Current Runtimes: (13.05.2007)
- Anime Stats
- 1525 seconds (25 minutes) for <5210 animes
- Group Stats
- 7 seconds for <4476 groups
- Anime/Ep/File counters
- 1633 seconds (27 minutes) for 324901 file and 73193 ep entries
- User stats
- 4437 seconds (74 minutes) for 221037 users
- Total: 7602 seconds (127 minutes)
The process is mostly limited by the database (the script uses about 900 seconds of cpu time).
The key issue here is that these numbers rise all the time. In the early days we've run that script multiple times a day, then once a day, now 3 times a week. If things continue as they are now, we'll reach a point where we can't run it at all anymore the way it works right now.
Possible Alternatives
Some general ideas. Some of them could also be combined.

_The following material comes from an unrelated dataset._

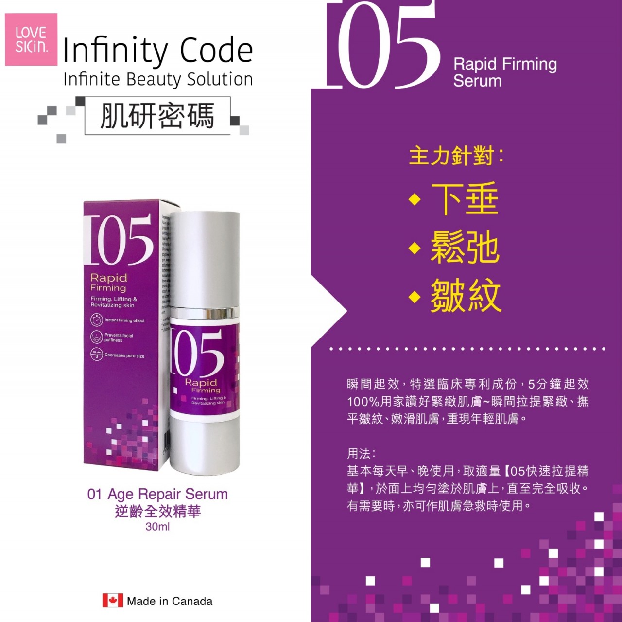 主力針對下垂鬆弛皺紋專利有效成份Seaflash™改善肌膚6大問題,平滑,拉提,緊緻,抗皺,保濕,柔軟。Matrixyl®增加骨膠原,令肌膚回復彈性,減少皺紋~用法:於清潔肌膚後,將適量【05快速拉提精華】於面上均勻塗抹,尤其腮骨及頸部位置,直至精華被吸收。建議每天、晚使用。

On-The-Fly Updating / Triggers
We could reduce the intervall between runs of the statistic update script greatly if all important values would be updated on the fly. As we'd probably not handle all possible cases we might not be able to remove the script all together, but we might be able to run it only once a week or once a month.
The question here is whether the additional load these on-the-fly updates impose on the database might be a problem. One approach to realize this with acceptable work effort required, would be a number of database triggers and corresponding PL/pgSQL functions which transparently update all relevant counters and stats.
Read-Only database slave for stats work
Another approach would be to introduce a read-only database slave (i.e. with Slony) and to execute all read queries of the stats update scripts on this database. As the scripts only write to the database if any value has actually changed this would greatly reduce the load on the main database. The issue here is whether we'd get the hardware resources to do this and whether it scales.
Small Updates
The script could be run at shorter intervalls and calculate only a part of the stats during each run. I.e. we could run it 3 times a day and process 250 animes in each run...
Dirty Flag
The current approach gathers data for all db entries. It doesn't matter whether any of their stats values are likely to have changed. This is especially problematic for the user stats. With each statsupdate we're collecting the data for all users, even though only a small percentage of them has done any changes to anidb. They might not even have logged in since the last stats update.
Possible approaches for this would be to:
- skip users who haven't logged in since last update
- add a "dirty" boolean flag to entries in the user table which is set whenever a user makes a change to anidb which is potentially relevant for his stats.
- ... ?
?
what else?